The main utility of stablecoins is to keep away from the turbulence of pure-play cryptocurrencies. However, the infamous TerraUSD crash last May turned out to be not just another failed stablecoin experiment but also acted as a catalyst for the catastrophic turn of events that followed later that year.

Djed has been touted as the “first stablecoin protocol where stability claims are precisely and mathematically stated and proven.” Algorithmic stablecoins are typically partially undercollaterized. Djed, on the other hand, is expected to maintain stability by being 400% to 800% overcollateralized at all times.

The official site also revealed that the contract has enough money to buy back all the Djed stablecoins in circulation for $1 worth of the backing asset, thus maintaining the peg.

Aside from being fully backed and overcollateralized with a significant reserve ratio, Djed is also autonomous. This is in contrast to the Terra, where the network was halted at some point, and the BTC reserves were managed manually. However, Djed operation does not depend on decisions by a group of people, according to COTI’s Community Manager, Vlad Ovadenko.

Even as ADA will provide the external collateral, Shen will be used as liquidity to maintain the peg price if the former’s price fluctuates and the potential for insufficient ADA to pay Djed holders willing to cash out. As such, $1 worth of ADA always equals $1 worth of DJED.
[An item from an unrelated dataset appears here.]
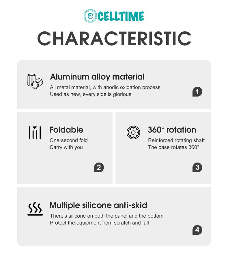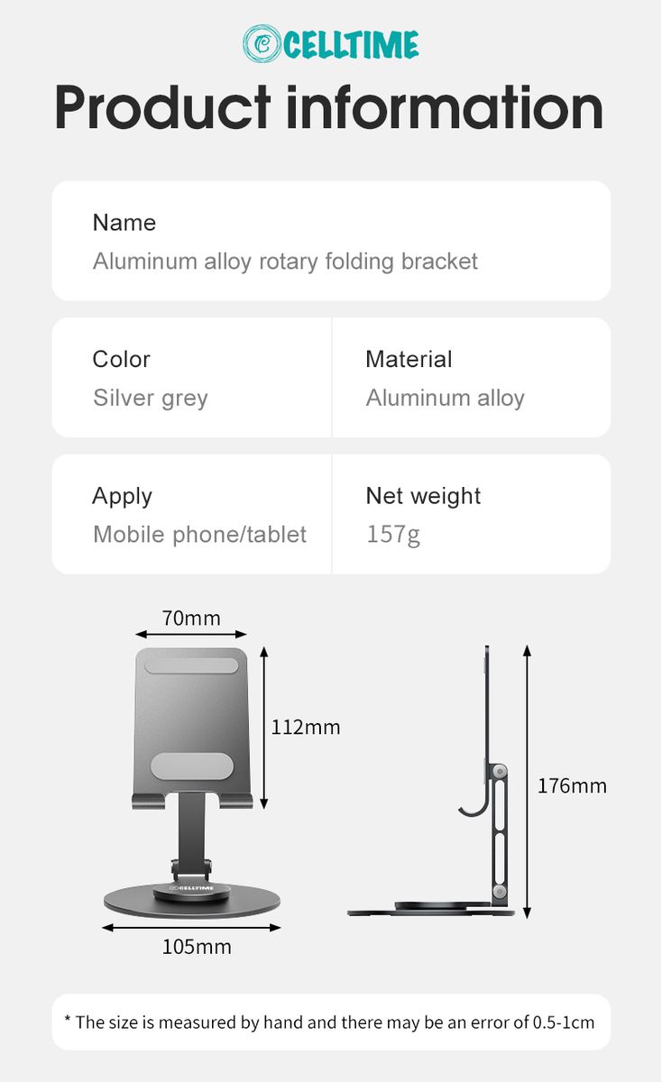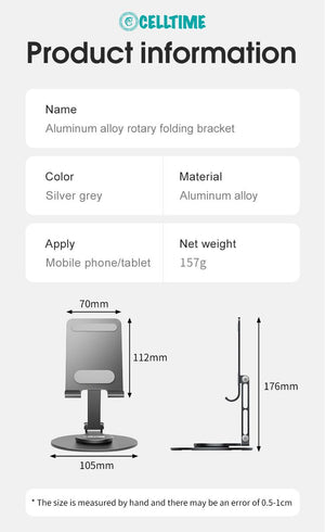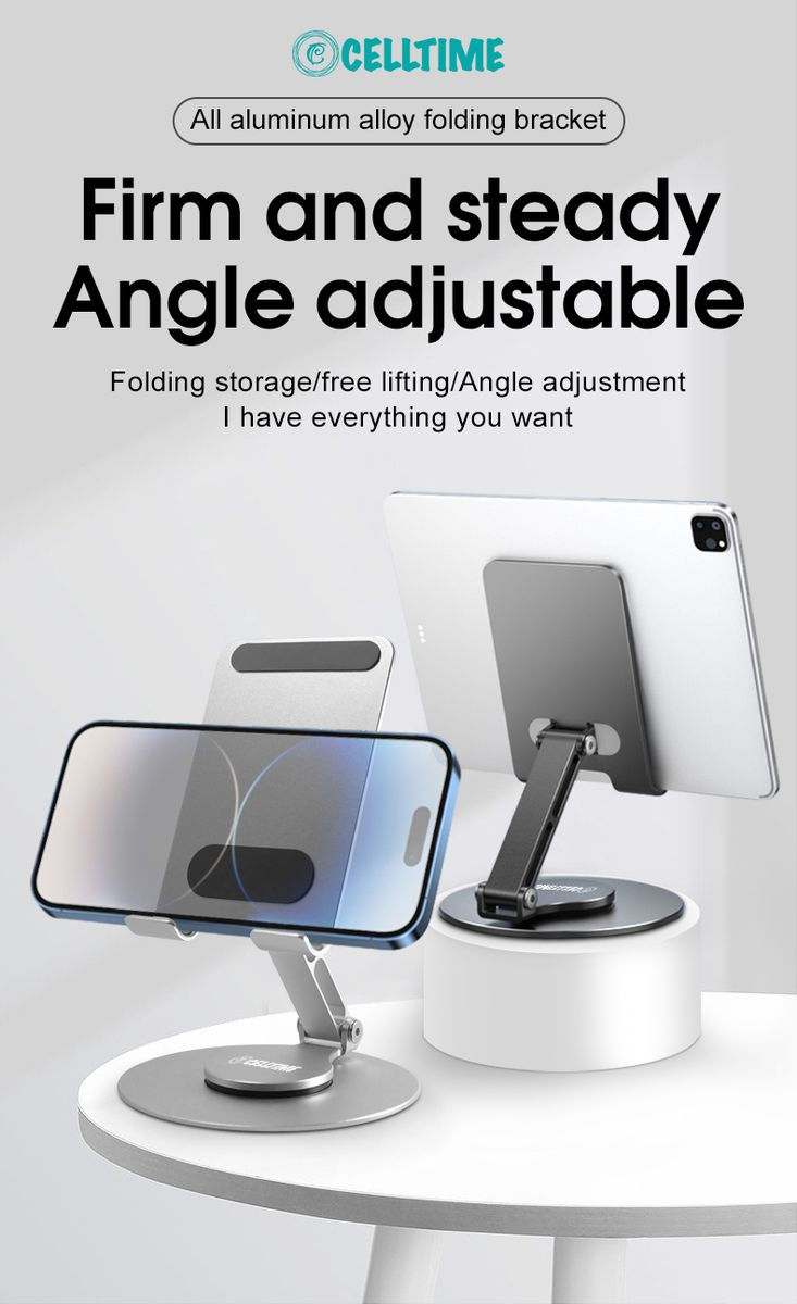 Key Features of the CellTime RotateMini Ergonomic Foldable Rotatable Smart Phone / Tablet Stand:

Shedding more light on the revenue model, Ovadenko said,

“Terra LUNA holders earn money from seigniorage and have the incentive to encourage projects like Anchor, that artificially keep stablecoins out of circulation, promising future yield, $Shen holders earn money through mint/burn fees. In this way, there is an incentive to encourage stablecoins to remain in circulation and to be burned and minted frequently through the contract.”